### [Task instructions]
Only the lines below from the one that holds "Подвесное кресло из" through the one that holds "warehouse buildings, etc." should appear in the answer, copied exactly, end lines included and pictures omitted.

### [Materials provided]
=== Begin Enclosure ===

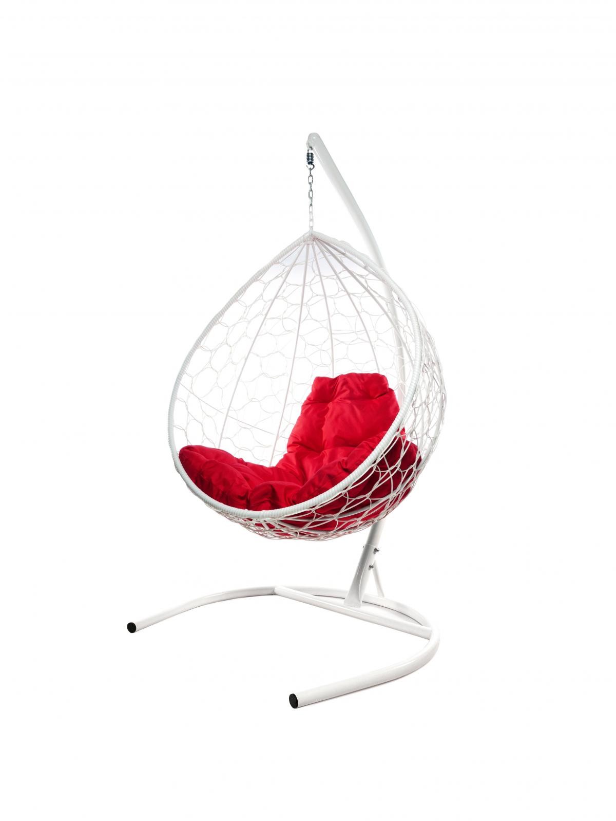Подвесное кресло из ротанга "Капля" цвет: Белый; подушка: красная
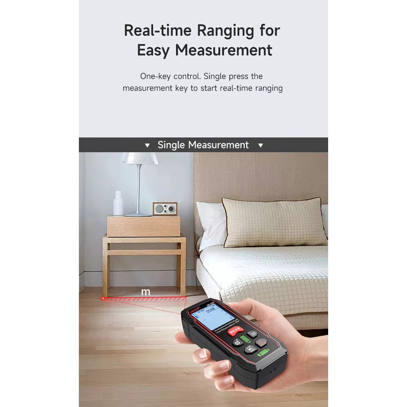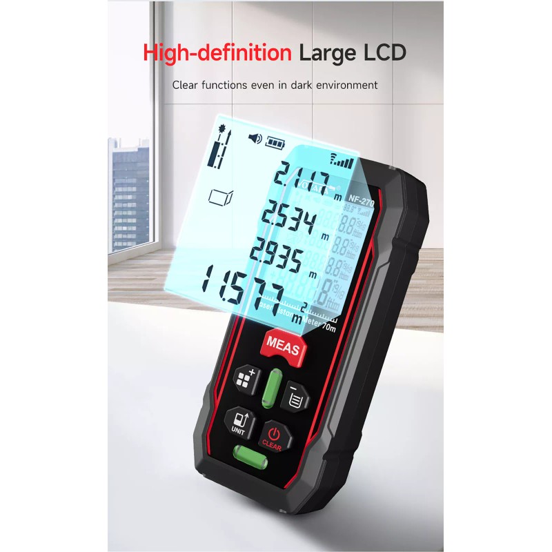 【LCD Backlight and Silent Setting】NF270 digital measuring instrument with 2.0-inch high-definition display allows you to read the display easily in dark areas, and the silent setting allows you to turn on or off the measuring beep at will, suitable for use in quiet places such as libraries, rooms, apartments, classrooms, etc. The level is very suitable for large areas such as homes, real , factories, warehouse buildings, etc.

=== End Enclosure ===
=== Begin Enclosure ===

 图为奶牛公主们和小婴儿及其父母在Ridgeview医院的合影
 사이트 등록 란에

=== End Enclosure ===

### [Answer to this task]
Подвесное кресло из ротанга "Капля" цвет: Белый; подушка: красная
 【LCD Backlight and Silent Setting】NF270 digital measuring instrument with 2.0-inch high-definition display allows you to read the display easily in dark areas, and the silent setting allows you to turn on or off the measuring beep at will, suitable for use in quiet places such as libraries, rooms, apartments, classrooms, etc. The level is very suitable for large areas such as homes, real , factories, warehouse buildings, etc.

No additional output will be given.